Leici PHG-21C / PHG-21D Industrial pH/ORP Transmitter and Controller
| Brand | Leici |
|---|---|
| Origin | Shanghai, China |
| Manufacturer Type | Direct Manufacturer |
| Country of Origin | China |
| Model | PHG-21C, PHG-21D |
| Price | ¥2600 |
| pH Range | (0.00–14.00) pH |
| ORP Range | (−1800–+1800) mV |
| Temperature Range | (−10.0–120.0) °C |
| Resolution | 0.01 pH / 1 mV / 0.1 °C |
| Accuracy | ±0.05 pH / ±10 mV / ±1 °C |
| Repeatability | ≤0.02 pH / 3 mV |
| Electronic Unit Error | ±0.03 pH ±1 digit / ±1 mV ±1 digit / ±0.3 °C |
| Stability | ≤±0.02 pH/24 h |
| Input Impedance | ≥1×10¹² Ω |
| Input Current | ≤2×10⁻¹² A |
| Enclosure Rating | IP65 |
| Power Supply | AC (220±22) V, (50±1) Hz or DC 24 V |
| Dimensions | 144×144×163 mm |
| Weight | 2.5 kg |
Overview
The Leici PHG-21C and PHG-21D are industrial-grade, panel-mount pH/ORP transmitters engineered for continuous, real-time monitoring and control in demanding process environments. Designed around a dual-channel analog measurement architecture, these instruments perform simultaneous high-impedance potentiometric measurement of hydrogen ion activity (pH) and redox potential (ORP), with integrated Pt100 or thermistor-based temperature sensing for automatic temperature compensation (ATC). The core measurement principle adheres to the Nernst equation, where electrode potential is converted into calibrated digital values via precision low-noise amplification, 24-bit ADC conversion, and linearization algorithms optimized for aqueous electrolyte systems. Unlike laboratory benchtop meters, the PHG-21 series features hardened signal conditioning circuitry, galvanically isolated current outputs, and robust enclosure design—making it suitable for deployment in chemical processing lines, boiler feedwater circuits, wastewater treatment basins, pharmaceutical clean utilities, and power plant condensate monitoring loops.
Key Features
- Intuitive Chinese-language graphical LCD with backlighting—optimized for visibility under low-light or high-glare industrial conditions
- Dual-mode operation: seamless toggle between pH and ORP display without recalibration or hardware reconfiguration
- Auto-buffer recognition for standard calibration points at pH 4.00, 6.86, and 9.18—supporting both single-point and two-point calibration routines per IUPAC-recommended protocols
- Programmable high/low limit alarms with relay dry-contact outputs (SPDT) and configurable hysteresis to prevent chatter in noisy process streams
- Galvanically isolated 4–20 mA analog output with fully adjustable span (e.g., 0–14 pH mapped to 4–20 mA) and zero offset—compliant with ISA-50.00.01 analog signaling standards
- IP65-rated polycarbonate enclosure—dust-tight and protected against water jets from any direction, enabling wall or panel mounting in non-hazardous classified areas
- Power flexibility: supports either 220 V AC (±10%) / 50 Hz or 24 V DC input—facilitating integration into both mains-powered control rooms and intrinsically safe DC distribution systems
Sample Compatibility & Compliance
The PHG-21C and PHG-21D are intended exclusively for aqueous-phase measurements in conductive solutions (typically >20 µS/cm). They are compatible with all industry-standard combination pH electrodes (e.g., glass membrane + Ag/AgCl reference) and ORP electrodes featuring platinum or gold sensing elements. The instruments meet electromagnetic compatibility (EMC) requirements per GB/T 18268.1–2010 (equivalent to IEC 61326-1:2012) and safety specifications per GB 4793.1–2007 (IEC 61010-1:2010). While not certified for SIL or ATEX use, their architecture supports integration into larger safety instrumented systems (SIS) when deployed with appropriate barrier modules and documented validation protocols. Calibration traceability aligns with ISO/IEC 17025 practices when performed using NIST-traceable buffer standards and documented logbooks.

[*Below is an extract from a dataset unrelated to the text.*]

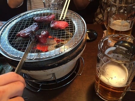 1.炭火でホルモン焼きます→2.タレに付けます→3.食べます→4.ビールを飲みます→5.1へ戻る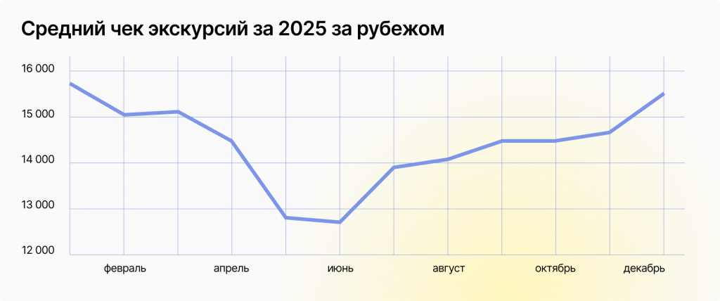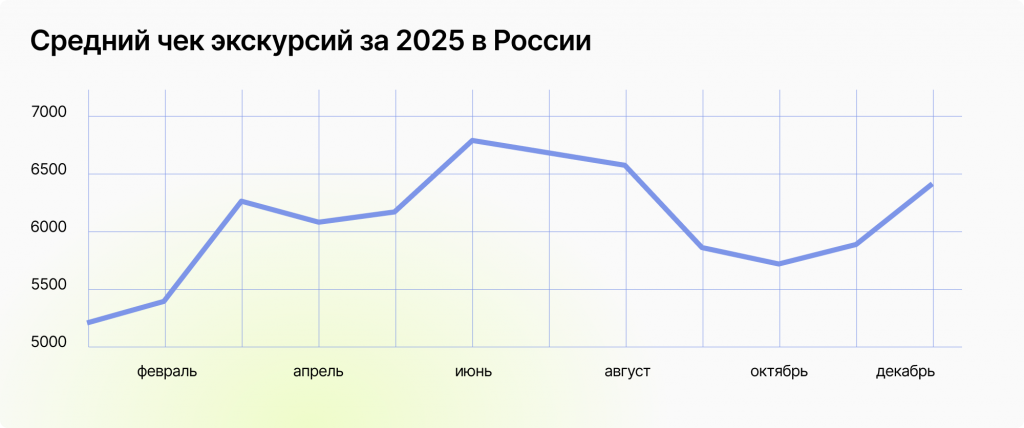 В России средний чек вырос на 13% и составил 5996 ₽. Дороже всего экскурсии обойдутся в период с мая по сентябрь, а дешевле — в феврале и октябре.

Software & Data Management
These are standalone analog transmitters with no embedded firmware update capability or USB/Ethernet connectivity. All configuration—including calibration constants, alarm thresholds, output scaling, and temperature sensor type—is performed locally via membrane keypad navigation. The device maintains non-volatile memory for calibration data and system settings, ensuring retention during power interruption (built-in EEPROM backup). While lacking native digital communication (e.g., Modbus RTU or HART), optional external gateways can interface the 4–20 mA output with DCS/SCADA platforms for trend logging and alarm aggregation. Audit trail functionality is achieved through manual calibration logs and external historian systems that record timestamped analog output values—supporting GLP-aligned documentation when paired with validated data acquisition software.
Applications
- Chemical manufacturing: pH control in neutralization reactors, scrubber effluent monitoring, and catalyst bath stability verification
- Power generation: condensate polishing loop pH supervision, feedwater alkalinity control, and hydrazine residual tracking
- Pharmaceutical water systems: purified water (PW) and water for injection (WFI) conductivity-coupled pH trending per USP and EU Annex 1
- Municipal and industrial wastewater: activated sludge basin ORP profiling for denitrification control, and final effluent pH compliance reporting per EPA 40 CFR Part 136
- Metallurgical leaching circuits: real-time acid concentration monitoring in heap leach pads and solvent extraction raffinate streams
FAQ
What is the difference between PHG-21C and PHG-21D?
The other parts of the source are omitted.